RE: Sp19 Mar 2025 21:57
Responding to Yellowstuff at 17:33 earlier:
Taking some profits in this tax year and saving losses for the next tax year might help, but again it depends on peoples’ circumstances. Some people sometimes try to avoid tax at all costs, but often that can be cutting your nose off to spite your face. For example (my shares are in an ISA, but let’s pretend they are in a taxable account):
My GGP average is, say 7p. I could sell some right now to look in some gains, make use of the £3,000 allowance, and/or pay CGT at the lowest rate (currently 18%).
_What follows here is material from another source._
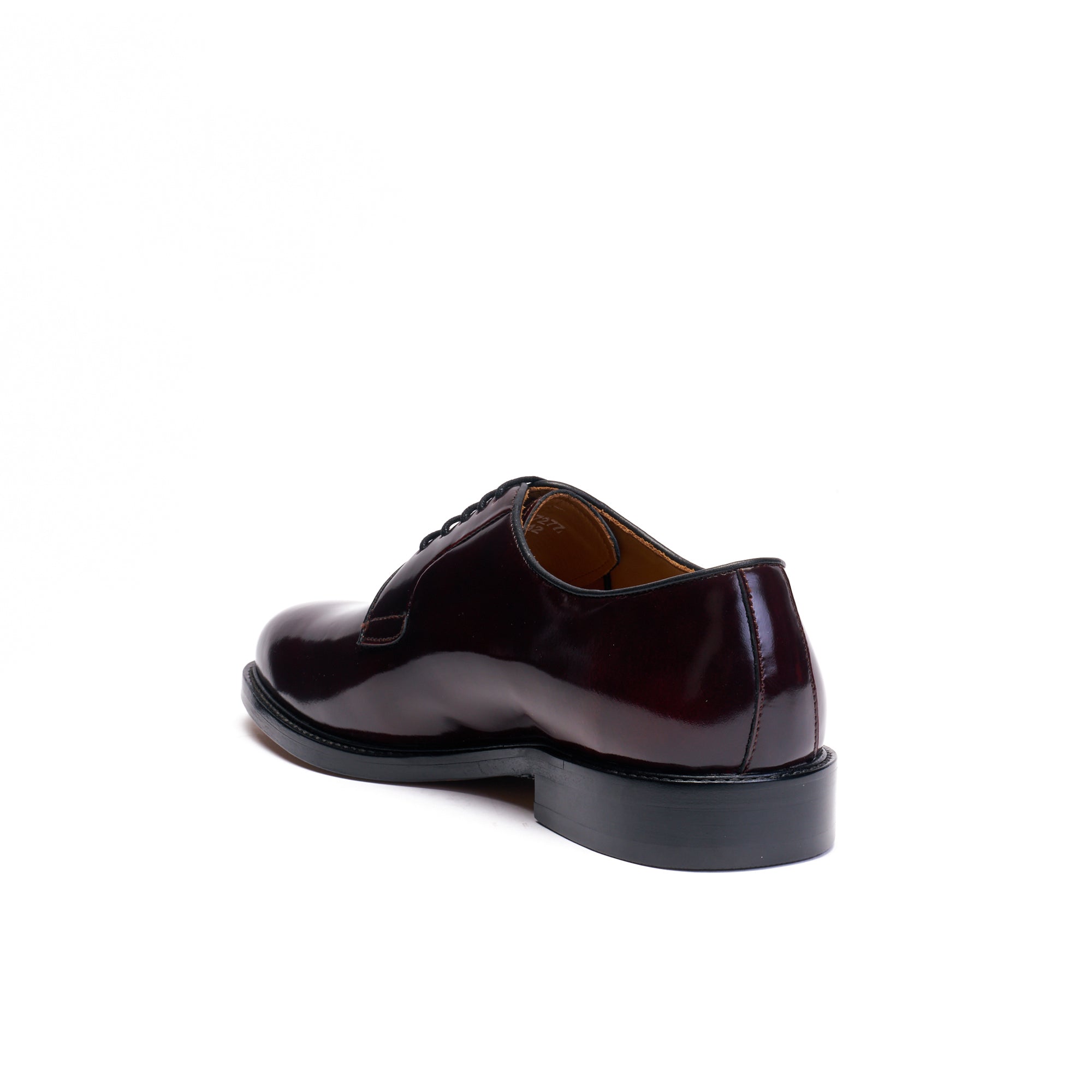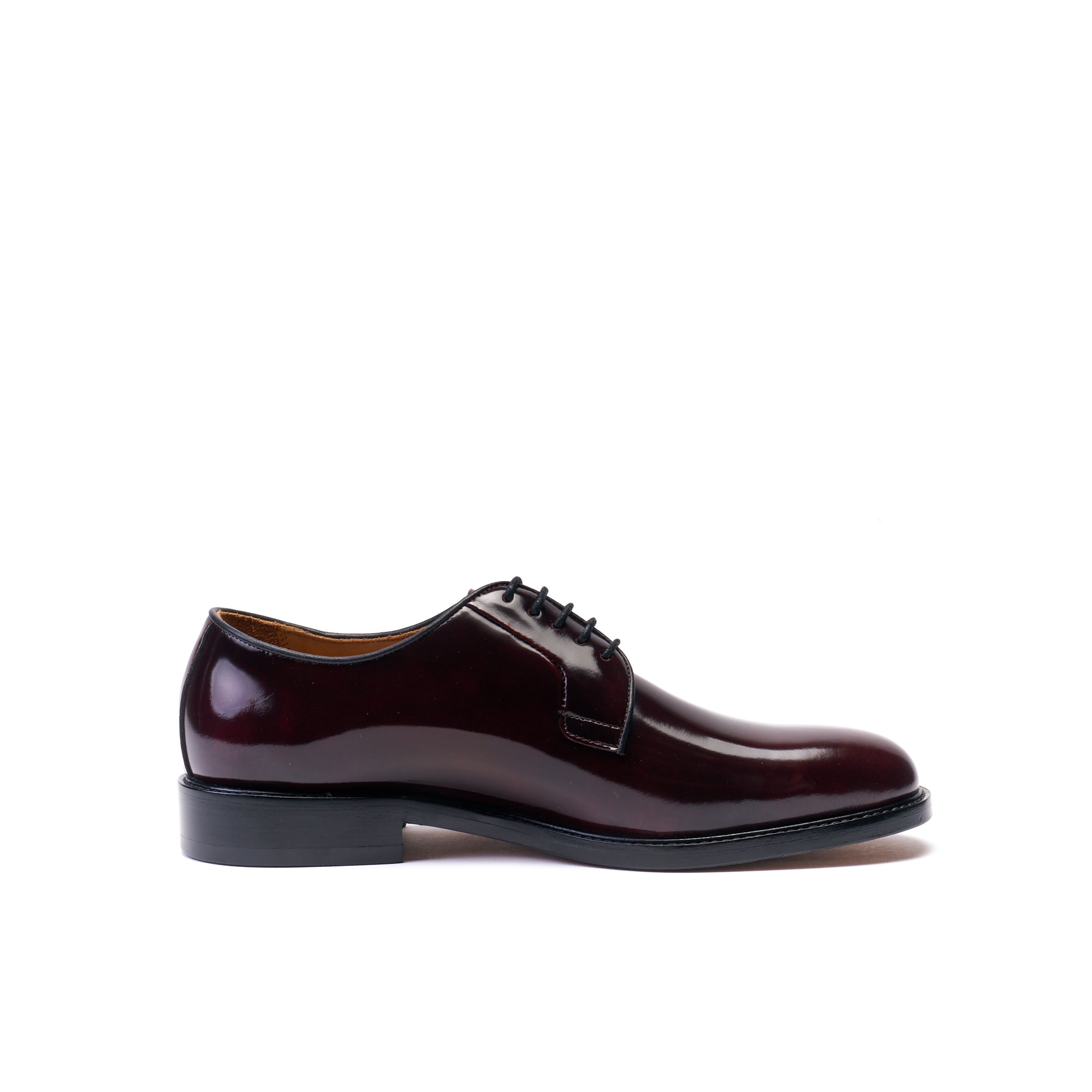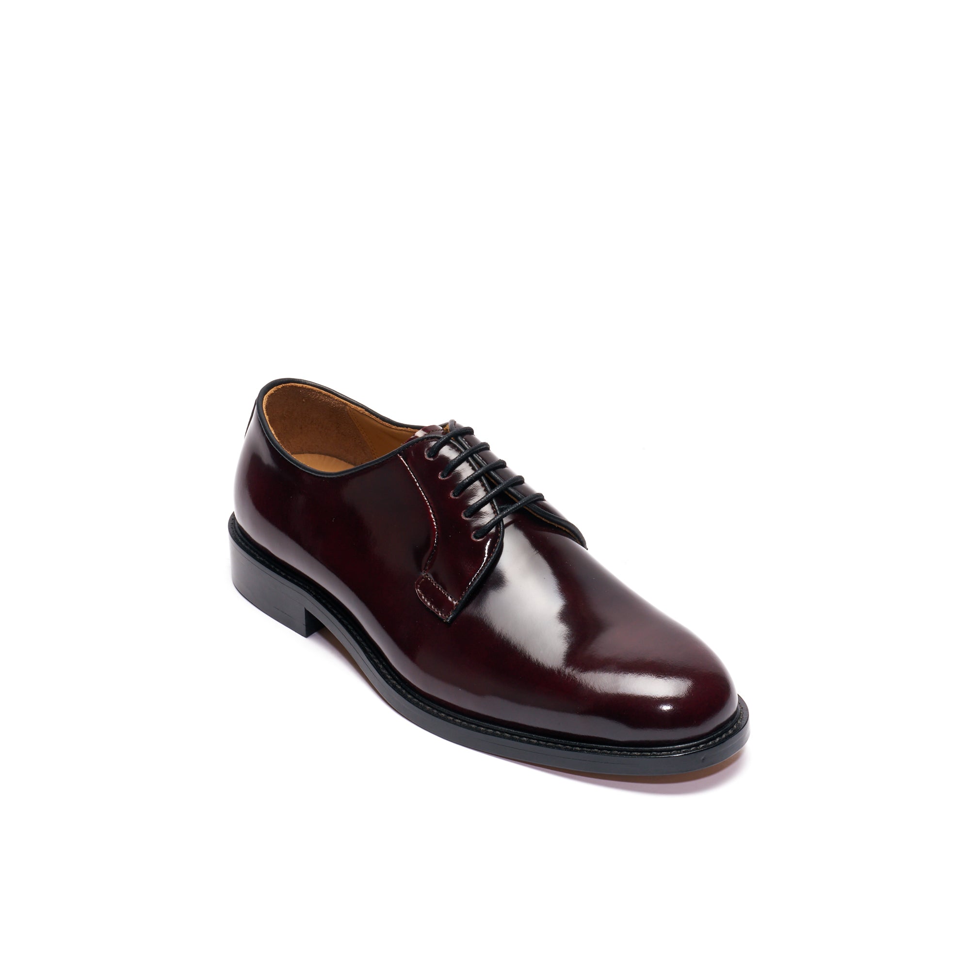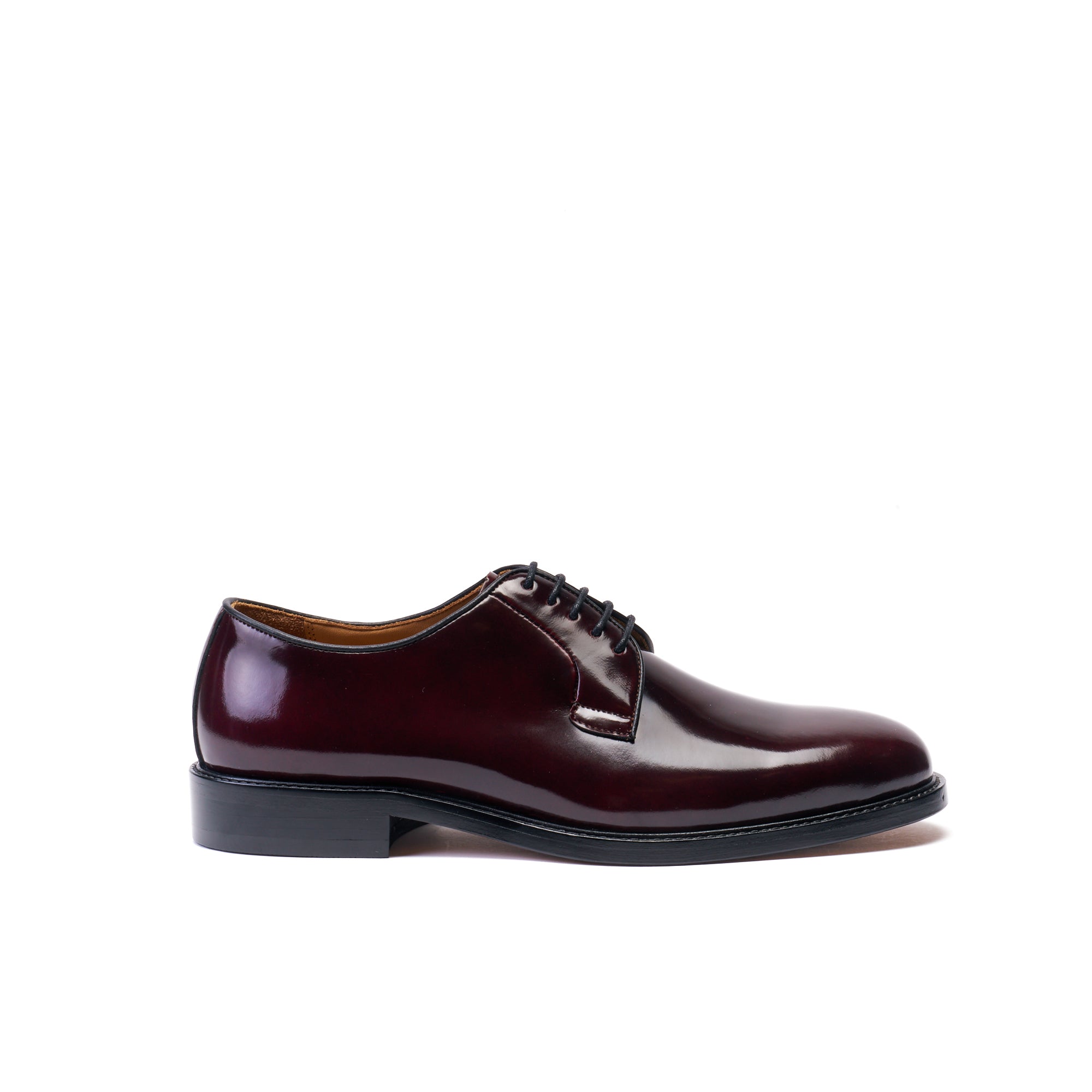 Derby à bout lisse réalisée en cuir de veau brun glacé de qualité avec semelle en cuir.

If I don’t do this, I may have to pay 24% tax in future tax years. That seems worse because it’s a higher rate, but:
Sell now – proceeds £10,000, cost £5,000 = gain £5,000. Say it’s all taxable so £5,000 x 18% = £900. Cash after tax £5,000 - £900 = £4,100
Sell next year (let’s pretend the price doubles in that time – proceeds £20,000, cost still £5,000 = gain £15,000. Say it’s all taxable at 24% so £15,000 x 24% = £3,600. Cash after tax £15,000 - £3,600 = £11,400.
I’ve paid four times as much tax, and at a higher rate – boo, but in the above situation, I’m much better off selling next year rather than now. Of course, it also depends on what subsequently happens with the proceeds, and what happens in the future (it might not double…). It’s all quite complicated, both the tax itself and how it ties into the decision-making process and real life for each person.
As is very often the case, the answer is ‘it depends’! But generally speaking, yes it might help.